Building Work, Building Plans and Building Lines

Questions about Building Work, Building Plans and Building Lines

approved plans and house building work

Hardly a day goes by without questions from disgruntled homeowners relating to issues with discrepancies in house plans and building work. When I’m inspecting, I often find discrepancies between the approved plans and the built structure.

If you are selling your house, and don’t have municipal-approved plans or necessary permissions, you could be in trouble. If you are buying a house, and don’t ask for approved plans or permissions, you might have very expensive problems.

Homeowners can also be in trouble with the municipality for the erection of illegal structures. Some municipalities have aerial photographs of suburbs taken every four years to check if alterations have been made to homes. In addition to this, municipalities assign building inspectors to monitor developments on the ground.

The law requires all major building work to have plans drawn up and approved by the local authority. Therefore, it stands to reason that every house should have plans. But this is not always the case! A lack of approved building plans is a major problem for many people buying and selling houses and other buildings.

Sometimes people only discover that there are no plans years after they have bought a property. This comes to light either because they eventually want to do alterations, or because they want to sell. Buyers often find that a house they are buying does not have plans. They then want to know whose responsibility it is to have plans drawn up retrospectively (“as-built”).

It can become a complex legal matter if alterations and additions have been carried out without local authority approval.

Are Building Plans and Building Approval Always Required for Houses?

The National Building Regulations and Building Standards Act specify the need for building plans and approval. Therefore, it is the local authority that governs what can be done in terms of its zoning regulations and National Building Regulations. So it is they who give approval (or deny it) for all building work and renovations on all properties. However, most municipalities are more lenient when it comes to minor building work.

The Act states that the municipality may grant relaxation where the approval of plans requires the necessity of relaxation.

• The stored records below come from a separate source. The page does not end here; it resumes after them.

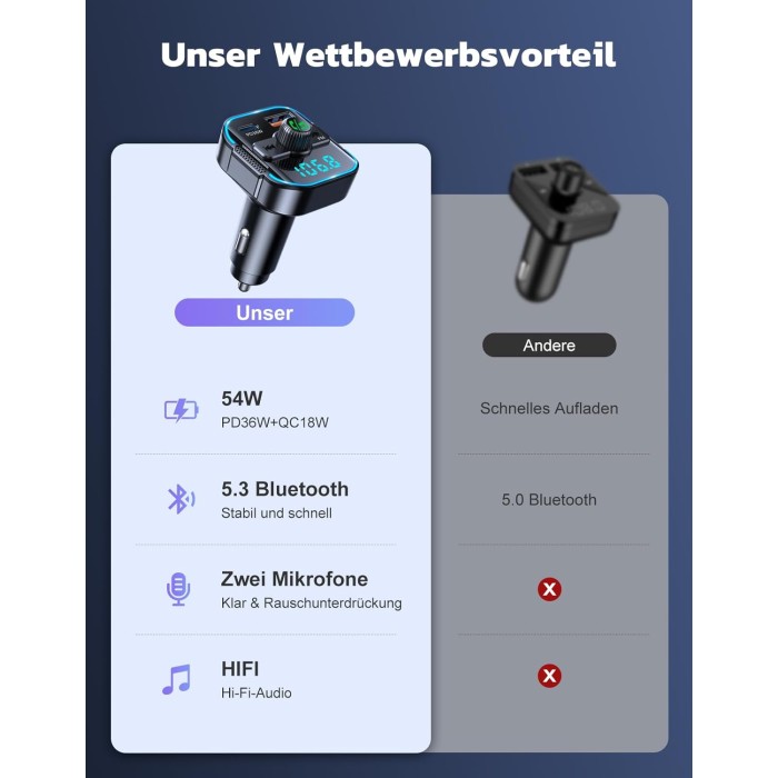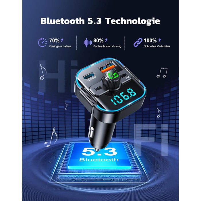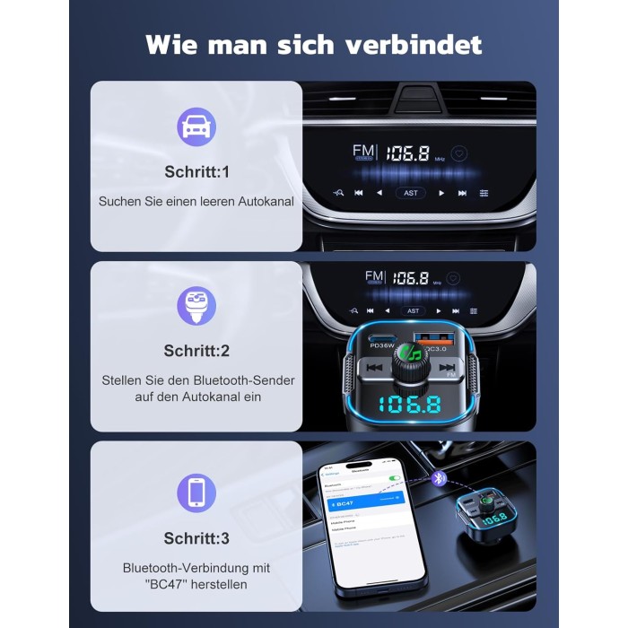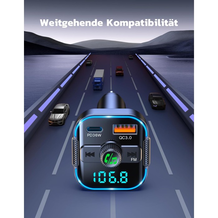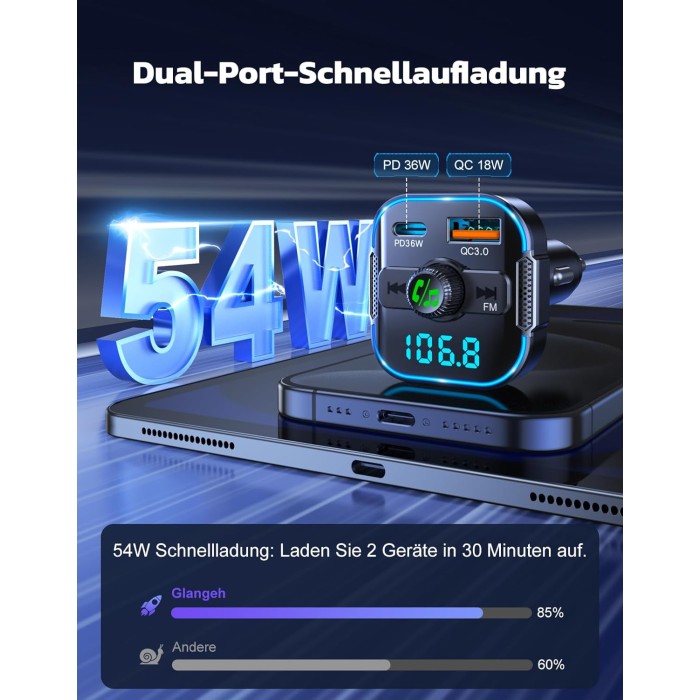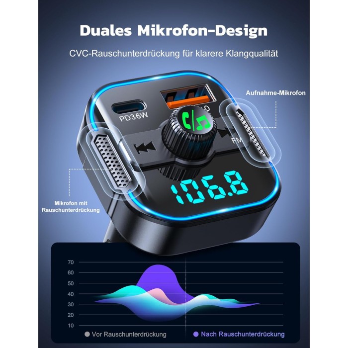 - Schnelles und sicheres Laden mit bis zu 54W: Der Glangeh transmitter für auto Bluetooth verfügt über zwei USB-Typ-C-Anschlüsse (PD 36 W und QC 18 W), die gleichzeitiges schnelles Laden ermöglichen – fünfmal schneller als Standardladegeräte. Dank intelligenter Sicherheitsfunktionen können Sie sicher und effizient laden, ohne sich um Überladung, Überlastung, Überhitzung oder Kurzschlüsse sorgen zu müssen.
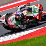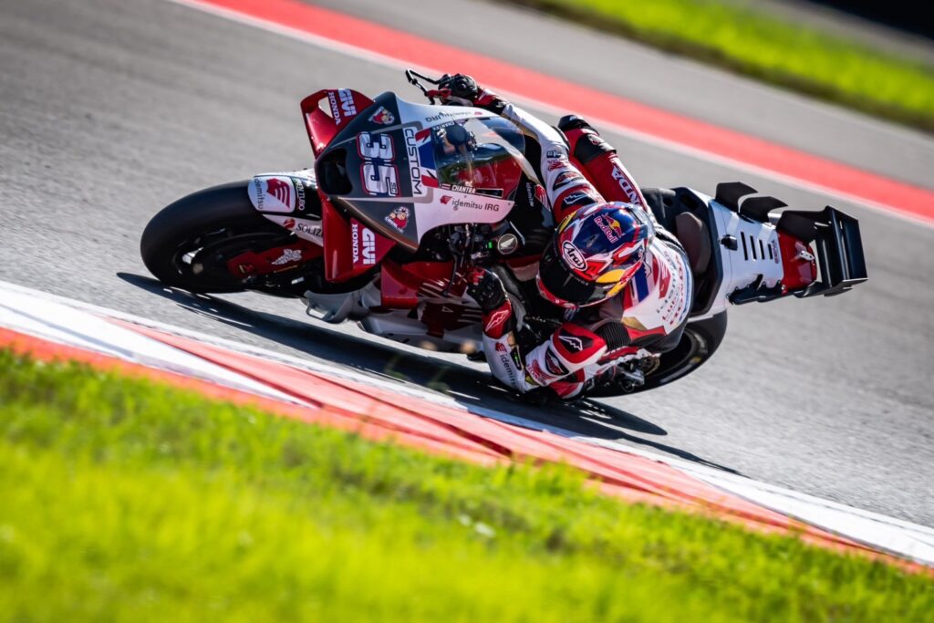 ขณะที่ “ก้อง” สมเกียรติ จันทรา นักบิดขวัญใจชาวไทยเจ้าของหมายเลข 35 จาก อิเดมิตสึ ฮอนด้า แอลซีอาร์ ที่เจอปัญหา “การยึดเกาะ” ของยางเล่นงานในวันเสาร์ ได้เริ่มเกมจากกริดที่ 19 ก่อนสร้างผลงานยอดเยี่ยมจะขยับขึ้นเข้าเส้นชัยในอันดับ 13 ตามหลังผู้ชนะ 48.035 วินาที เก็บเพิ่มอีก 3 แต้ม ส่วน “โยฮันน์ ซาร์โก” ทีมเมทชาวฝรั่งเศสหมายเลข 5 จบเรซอันดับ 12 ตามหลัง 27.597 วินาที
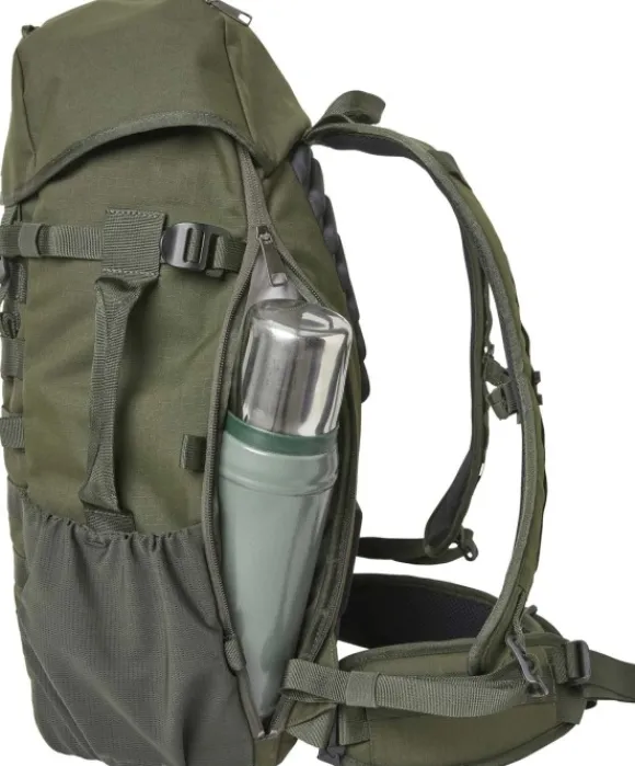 Ranger Day Pack on hyvin suunniteltu metsästysreppu, jossa on monia teknisiä yksityiskohtia. Sopii lyhyemmälle metsäretkelle tai hieman pidemmälle, jopa kolmen päivän retkelle. Repussa on kolmella sivulla kantoa helpottavat kahvat ja minimalistiset olkahihnat helppoa kiväärin kiinnittämistä varten. Repun PALS-järjestelmän avulla voit helposti kiinnittää siihen lisävarusteita. Repussa on käytännöllinen kaksisuuntainen vetoketju. Sisäpuolella on useita taskuja, mukaan lukien paikka juomajärjestelmälle. Ulkopuolella on myös kaksi verkkotaskua tavaroiden säilyttämistä varten. Reppu on valmistettu vahvasta kierrätetystä polyamidikankaasta ja siinä on kolme erillistä hihnaa, joilla varusteita voidaan kiinnittää myös ulkopuolelle.
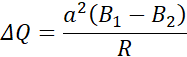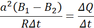 Kiedy zajmuję się galwanometrem, muszę ograniczyć się do jednej kwadratowej ramki, tak więc (n = 1). Korzystam z reprezentacji natężenia z prawa Ohma, które ma w użyciu SEM indukcji jednej ramki, a to znowu przedstawiam, modyfikując SEM indukcji całej cewki o n = 1. Natężenie przedstawiam również z definicji jako iloraz zmiany ładunku i czasu. Porównuję obydwie reprezentacje i wyznaczam zmianę ładunku.
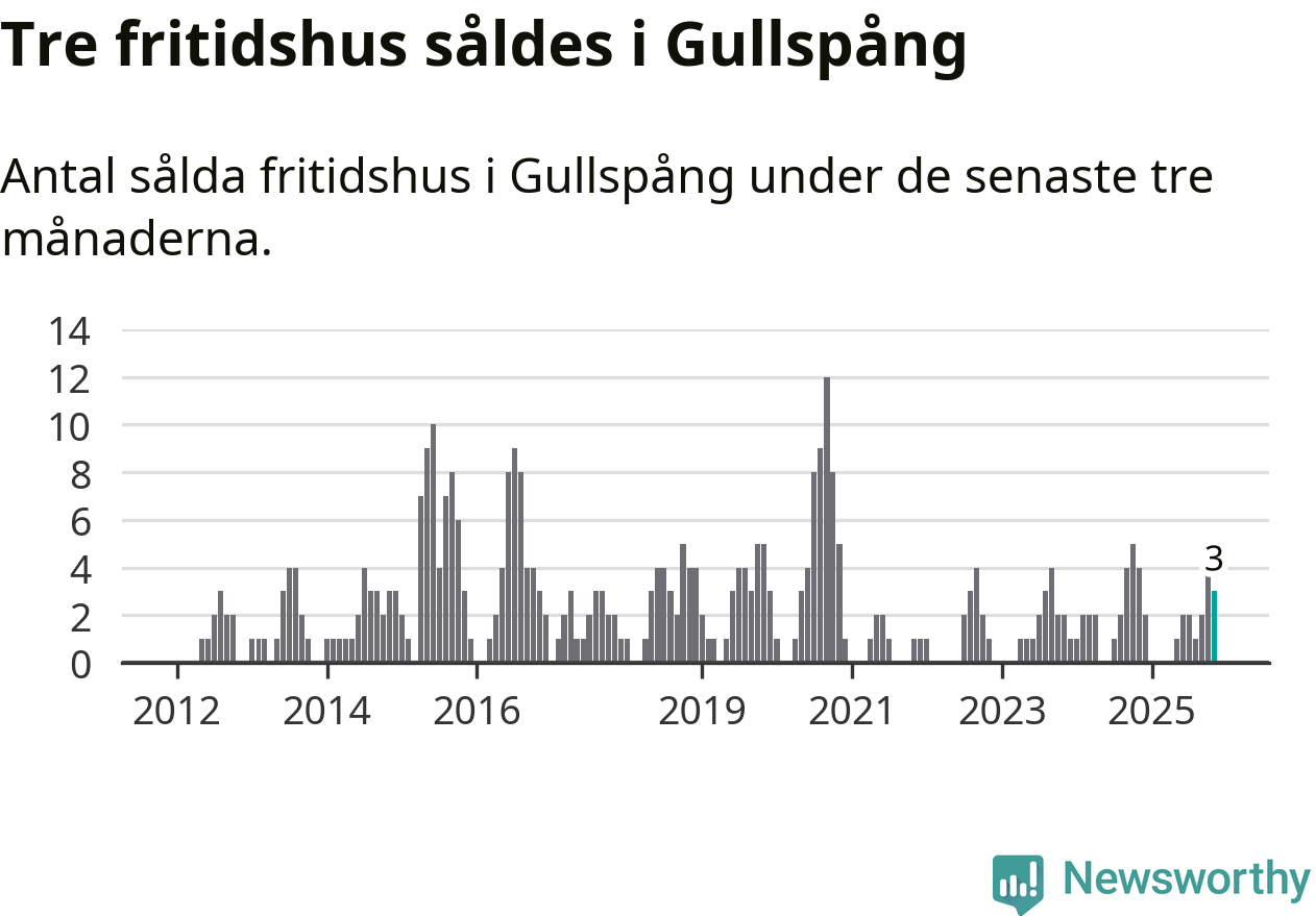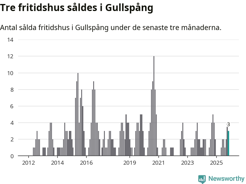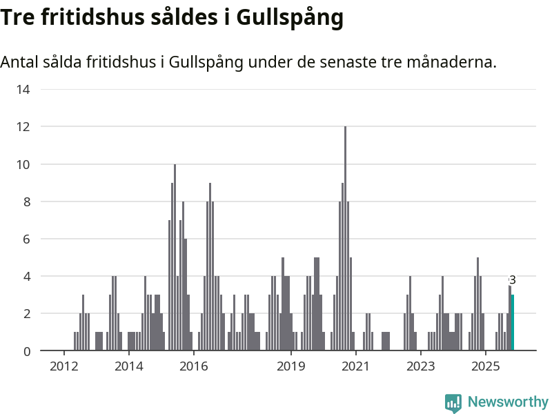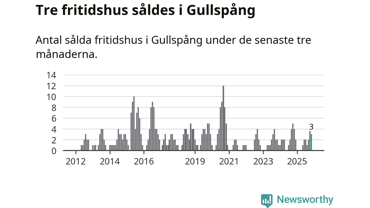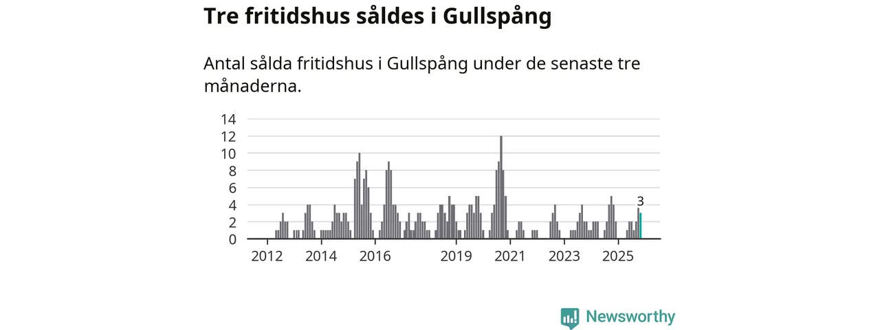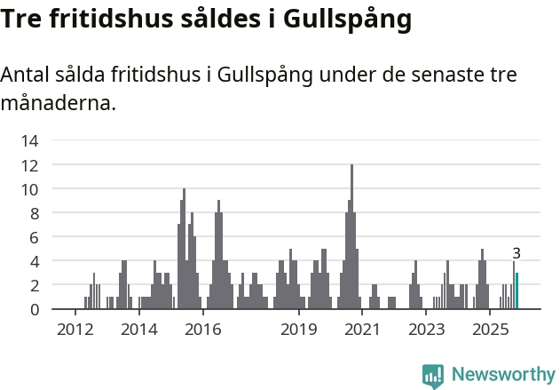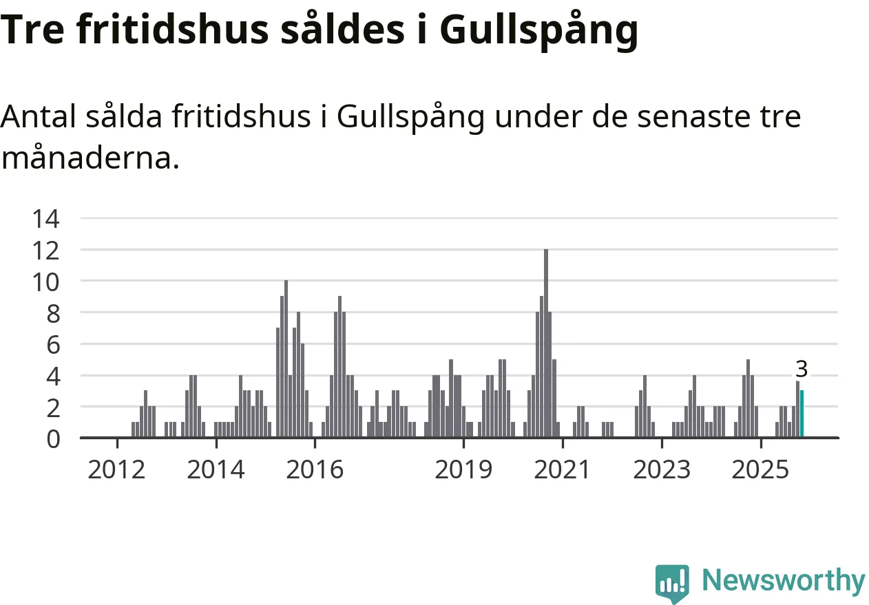Mellan september och november gjordes sammanlagt tre affärer med fritidshus i Gullspångs kommun. Det kan jämföras med fyra vid motsvarande tid i fjol.
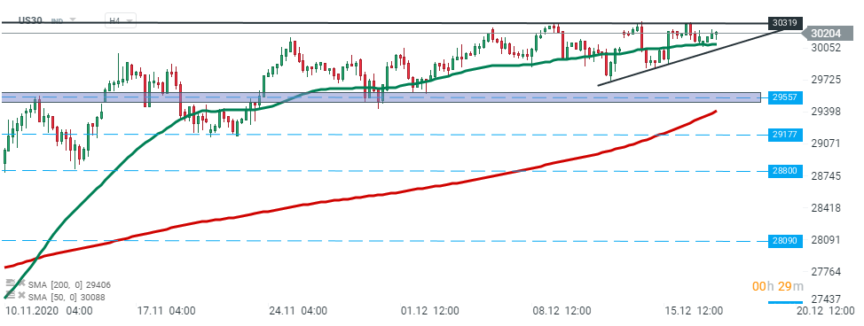 US indices launched today’s session higher on increased optimism over a coronavirus stimulus bill. Congressional leaders closed in on a near $ 900 billion package which includes $ 600- $ 700 stimulus checks and extended unemployment benefits but no aid to state and local governments and lawsuit liability protection. Meanwhile US Weekly Jobless Claims increased to 885 thousand, hitting a new three-month high, indicating that the pace of layoffs due to the latest wave of the coronavirus pandemic is accelerating. Yesterday, FED kept interest rates at near-zero levels and vowed to keep funneling cash into financial markets over the long term.
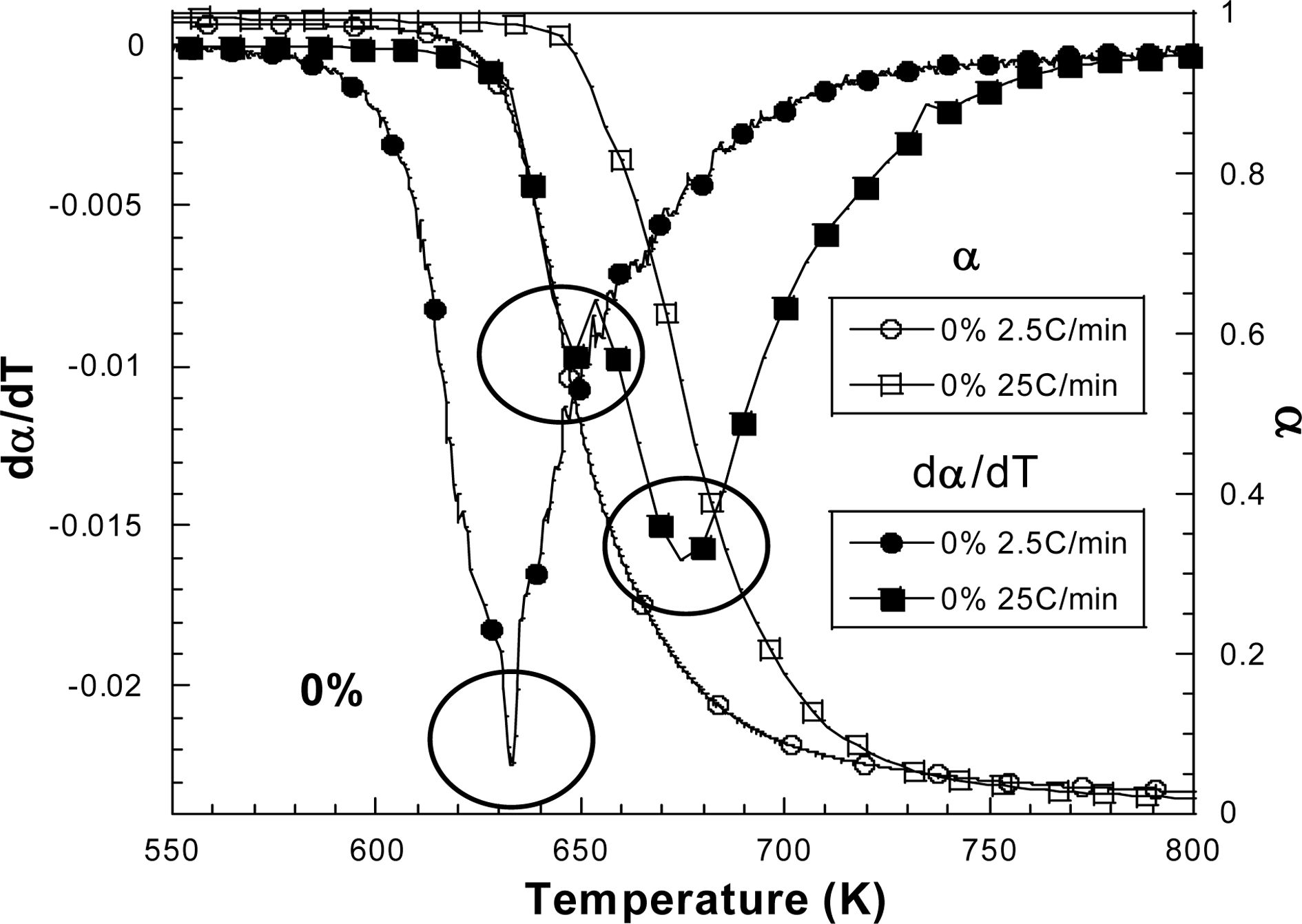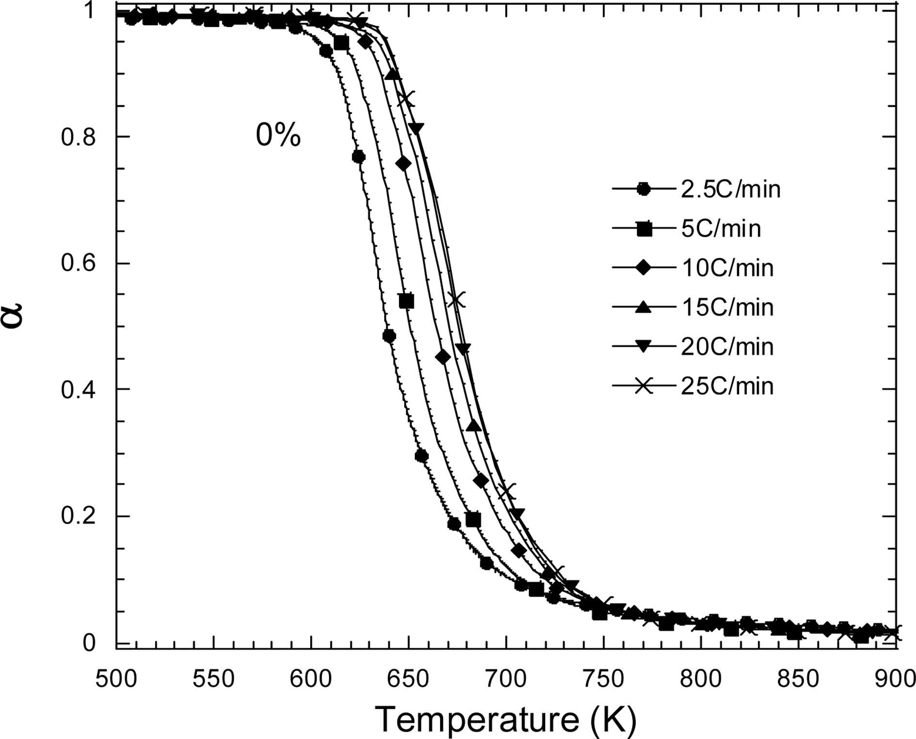 Fig. 2은 0% 시편이 주어진 6가지 승온률에 따라 열화될
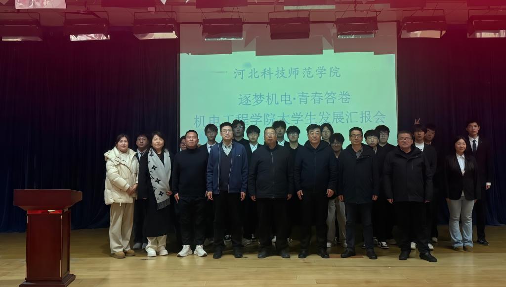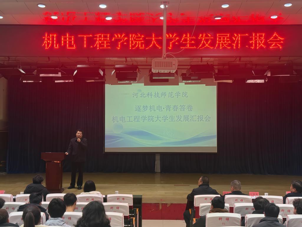 2025年12月11日,wm完美体育官网登录在开发区校区学术报告厅举办“逐梦机电·青春答卷——大学生发展汇报会”。校党委常委、副校长冯瑞银,学生处处长张红新,学院领导班子成员、辅导员、班主任、学业导师及学生代表共200余人参加了活动,部分学生家长通过线上直播“云端”观摩,共同见证机电学子在融入强国建设和民族复兴进程中的成长足迹。
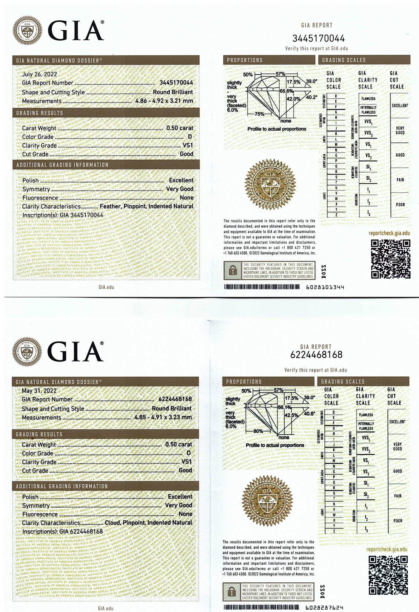 Diamond stud earrings with 2 round brilliant cut Diamonds totalling 1.00cts (both with GIA summary reports graded as D VS1 #16224468168, 3445170044). 18ct yellow gold. Weight: 1.2g. (New)
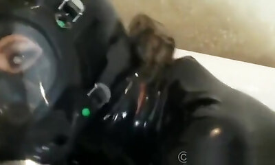 Rubber Slave Dana restrain bondage with foil and breath play

However, you will have to apply for relaxation in writing and receive approval in writing.

If your property is within an estate townhouse or cluster complex, you will also need to get a copy of the Estate Guidelines from the Aesthetics Committee, Body Corporate, Residents Associations etc. Moreover, there may be a list of requirements that ensure aesthetic harmony and good building practices within the estate or complex. Furthermore, you will need your plans stamped and a letter from the Body Corporate for Council indicating that they are happy with your planned building.

How the Issue of “Voetstoots” Affects Building Approval and Plans

The purchase agreement made between buyers and sellers of the property will include a voetstoots clause. Essentially this clause indicates that the purchaser accepts the risk relating to defects existing at the time of the sale, patent or latent (but not visible). However, the exceptions to this clause are instances where the seller deliberately and fraudulently conceals latent defects from the purchaser, that they were aware of at the time. In this instance, the seller will remain liable for these defects. But of course, the purchaser will have to provide evidence that the seller knew what was wrong.